There is more going on in legislators’ lives than just drafting laws, making policy addresses and negotiating in the legislature, Democratic Progressive Party (DPP) legislators Tsai Chi-chang (蔡其昌) and Chen Chi-mai (陳其邁) said.
Tsai is a self-taught masseur, while Chen is a certified master scuba diver.
Tsai said he learned the art of massage because he has been plagued by neck pain for years.
Photo: Tseng Wei-chen, Taipei Times
He first developed neck problems when he was director of the then-Taichung County’s Civil Affairs Bureau and the county’s government-council liaison from 1997 to 2001, a job that strained both his body and soul, Tsai said.
He tried everything from massage to acupuncture and Pilates to seeing a chiropractor to alleviate the pain, which is how he learned about the human form and its pressure points, he said.
Photo: Courtesy of Chen Chi-mai
His condition had been excruciating up until 2004, when he first became a lawmaker, but it has gradually abated as he learned to master his own body, Tsai said.
Massage is one of the most convenient therapies that is not spatially limited, Tsai said.
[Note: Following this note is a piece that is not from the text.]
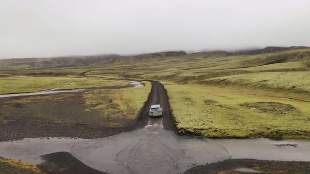 Aerial drone shot of SUV crossing a river ford in Highlands of Iceland
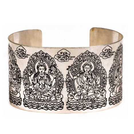 Prix habituel €17,70 EURPrix habituelPrix unitaire / parPrix promotionnel €17,70 EURBracelet pour épaule de type 'Manchette' de 7 centimètres, fait en laiton argenté, avec gravure de Bouddha ou de Tara, superbe pièce !

Among those frequenting his “clinic” are his mother and wife, and a short massage session relieves their soreness as he works on their pressure points, the lawmaker said.
Other legislators have also benefited from his skills.
Prior to a DPP press conference late last year, an exhausted DPP Legislator Yeh Yi-jin (葉宜津) told Tsai that she had been suffering from muscle aches for a while, so he gave her a short massage session, which helped her, Tsai said.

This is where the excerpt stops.